# Wie viele Gehäuselüfter kann ich ans Motherboard anschließen?



## cabernet-sauvignon (29. November 2010)

*Wie viele Gehäuselüfter kann ich ans Motherboard anschließen?*

Ich habe das Gigabyte GA-880GMA-UD2H - Mainboard. Das Mainboard hat ein SYS_FAN mit 4 Pins, d.h. mit Lüftersteuerung. Ich möchte die Gehäuselüfter daran anschließen. Irgendwo habe ich mal gelesen, dass die Leistung dieses Anschlusses limitiert ist. Daher meine *Frage*: *wie viele Gehäuselüfter kann ich an diesen Anschluss anschließen?* Und gibt es auch Y-Kabel für drei Gehäuselüfter (in meinem Gehäuse lassen sich bis zu drei Lüfter einbauen)?


----------



## elohim (30. November 2010)

*AW: Wie viele Gehäuselüfter kann ich ans Motherboard anschließen?*

Im handbuch deines mainboards müsste eine angabe über die max leistung (W) der Anschlüsse zu finden sein. Das gleiche findest du auch in der Produktbeschreibung der Lüfter. Dann musst du nur noch zusammenzählen 

ob es 3 auf 1 adapterkabel gibt kann ich nicht sagen, 2 y kabel sollten aber auch funktionieren.


----------



## cabernet-sauvignon (30. November 2010)

*AW: Wie viele Gehäuselüfter kann ich ans Motherboard anschließen?*

Habe das Handbuch nochmal durchgeschaut. Aber zum SYS_FAN gibt es keine Angabe bezüglich der maximalen Wattzahl. Wo könnte ich diese Info bekommen oder gibt es vielleicht einen definierten Standardwert?


----------



## VVeisserRabe (30. November 2010)

*AW: Wie viele Gehäuselüfter kann ich ans Motherboard anschließen?*

Stehen die ampere drin?
Bei aquatuning hab ich solche 3 fach pwm kabel gesehn, oder wars aquacomputer? Ich verwechsel die beiden immer >.<


----------



## cabernet-sauvignon (30. November 2010)

*AW: Wie viele Gehäuselüfter kann ich ans Motherboard anschließen?*

Danke für den Hinweis wo es Y-Adapter gibt.

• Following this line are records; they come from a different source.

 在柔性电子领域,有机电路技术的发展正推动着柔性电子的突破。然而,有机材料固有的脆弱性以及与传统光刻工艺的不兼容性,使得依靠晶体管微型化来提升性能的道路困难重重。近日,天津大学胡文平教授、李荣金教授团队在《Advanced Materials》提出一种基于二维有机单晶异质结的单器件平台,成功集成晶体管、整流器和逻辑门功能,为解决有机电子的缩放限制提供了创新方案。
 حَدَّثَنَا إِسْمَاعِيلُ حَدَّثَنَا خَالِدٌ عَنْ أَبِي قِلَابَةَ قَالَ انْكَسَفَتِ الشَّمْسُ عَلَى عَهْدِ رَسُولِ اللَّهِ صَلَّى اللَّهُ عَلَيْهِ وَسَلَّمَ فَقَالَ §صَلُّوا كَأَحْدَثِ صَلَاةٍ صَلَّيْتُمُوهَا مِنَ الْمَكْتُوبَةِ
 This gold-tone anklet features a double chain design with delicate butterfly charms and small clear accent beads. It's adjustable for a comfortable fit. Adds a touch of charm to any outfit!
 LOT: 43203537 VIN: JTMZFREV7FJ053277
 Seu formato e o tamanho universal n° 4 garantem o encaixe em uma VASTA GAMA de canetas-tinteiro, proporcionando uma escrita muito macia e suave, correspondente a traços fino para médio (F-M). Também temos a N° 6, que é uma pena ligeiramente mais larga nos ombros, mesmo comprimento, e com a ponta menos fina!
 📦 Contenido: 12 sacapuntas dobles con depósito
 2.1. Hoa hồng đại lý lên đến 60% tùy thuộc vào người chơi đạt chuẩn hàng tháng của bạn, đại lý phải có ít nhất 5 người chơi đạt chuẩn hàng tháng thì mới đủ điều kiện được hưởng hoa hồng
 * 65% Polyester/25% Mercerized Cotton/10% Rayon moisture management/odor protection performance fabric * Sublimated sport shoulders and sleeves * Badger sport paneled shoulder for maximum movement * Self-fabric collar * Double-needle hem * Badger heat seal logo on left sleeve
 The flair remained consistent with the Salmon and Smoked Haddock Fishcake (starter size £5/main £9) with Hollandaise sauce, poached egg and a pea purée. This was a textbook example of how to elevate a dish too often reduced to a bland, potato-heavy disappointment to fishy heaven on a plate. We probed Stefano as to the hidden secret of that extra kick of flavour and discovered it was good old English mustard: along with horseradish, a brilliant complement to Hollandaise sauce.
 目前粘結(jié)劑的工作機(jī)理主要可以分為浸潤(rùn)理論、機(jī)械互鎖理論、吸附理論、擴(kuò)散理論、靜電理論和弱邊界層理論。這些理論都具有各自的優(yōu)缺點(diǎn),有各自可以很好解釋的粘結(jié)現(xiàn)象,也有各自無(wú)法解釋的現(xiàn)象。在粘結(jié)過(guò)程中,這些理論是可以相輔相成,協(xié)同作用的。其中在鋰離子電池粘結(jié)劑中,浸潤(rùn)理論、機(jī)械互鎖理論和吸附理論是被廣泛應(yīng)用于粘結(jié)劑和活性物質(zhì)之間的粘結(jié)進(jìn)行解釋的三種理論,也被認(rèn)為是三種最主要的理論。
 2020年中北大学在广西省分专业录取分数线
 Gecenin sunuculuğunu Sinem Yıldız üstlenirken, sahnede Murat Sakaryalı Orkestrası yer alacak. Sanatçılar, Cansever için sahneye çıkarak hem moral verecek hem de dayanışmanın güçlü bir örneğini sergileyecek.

Leider bin ich noch immer nicht schlauer was die Anzahl der maximalen Gehäuselüfter angeht.


----------



## andreas84 (2. Dezember 2010)

*AW: Wie viele Gehäuselüfter kann ich ans Motherboard anschließen?*

Schau mal im Forum von Gigabyte, da gibt es einen Thread zu diesem Thema (schon älter).
Dort ging es um ein P55 Mainbord und wurde von einem Gigabyte-Mitarbeiter mit max. 2A angegeben.
Also da geht einiges...

Zur not einfach mal ne Support-Mail schreiben.


----------



## cabernet-sauvignon (2. Dezember 2010)

*AW: Wie viele Gehäuselüfter kann ich ans Motherboard anschließen?*

Danke für die Info. Bin vorhin auf einer engischsprachigen Seite ebenfalls darauf gestoßen, als ein User schrieb, dass der Gigabyte-Support ihm eine Antwort mit *2 Ampere* gegeben hat.


----------



## esszett (2. Dezember 2010)

*AW: Wie viele Gehäuselüfter kann ich ans Motherboard anschließen?*

wenn der anschluss pwm ist und die luefter auch durch ein pwm-signal gesteuert werden (also jeweils 4pin-anschluesse), dann kannst du in einer bastelloesung die einzelnen luefter auch direkt ans netzteil anschlieszen (12V) und schleifst lediglich das pwm-signal des mainboard-anschlusses durch zu jedem luefter... dann spielt die moegliche maximalbelastung des mainboard-anschlusses keine rolle...

gruSZ


----------



## Sync (2. Dezember 2010)

*AW: Wie viele Gehäuselüfter kann ich ans Motherboard anschließen?*

hol dir doch ne lüftersteuerung mit 3-5 anschlüssen oder so. die lüftersteuerungen holen sich den strom direkt  vom netzteil .. und du hast selbst die kontrolle wie schnell die laufen^^

Edit: ich würde da nicht viel rumbasteln, wenn es einfachere und sichere varianten gibt


----------



## VVeisserRabe (2. Dezember 2010)

*AW: Wie viele Gehäuselüfter kann ich ans Motherboard anschließen?*

2A sind schon ne ganze menge, zur sicherheit würde ich trotzdem noch beim support nachfragen
Aber nachdem die meisten lüfter im bereich von 0,1A sind hast du genug luft


----------



## cabernet-sauvignon (21. Juli 2011)

*AW: Wie viele Gehäuselüfter kann ich ans Motherboard anschließen?*

Danke für die Antworten. 

Beim Gigabyte-Support gab man mir die Antwort, dass die angeschlossene Last maximal *2 Watt* betragen darf. Meine drei Lüfter benötigen eine Stromstärke von je 0,18A, d.h. insgesamt 0,54 Ampere.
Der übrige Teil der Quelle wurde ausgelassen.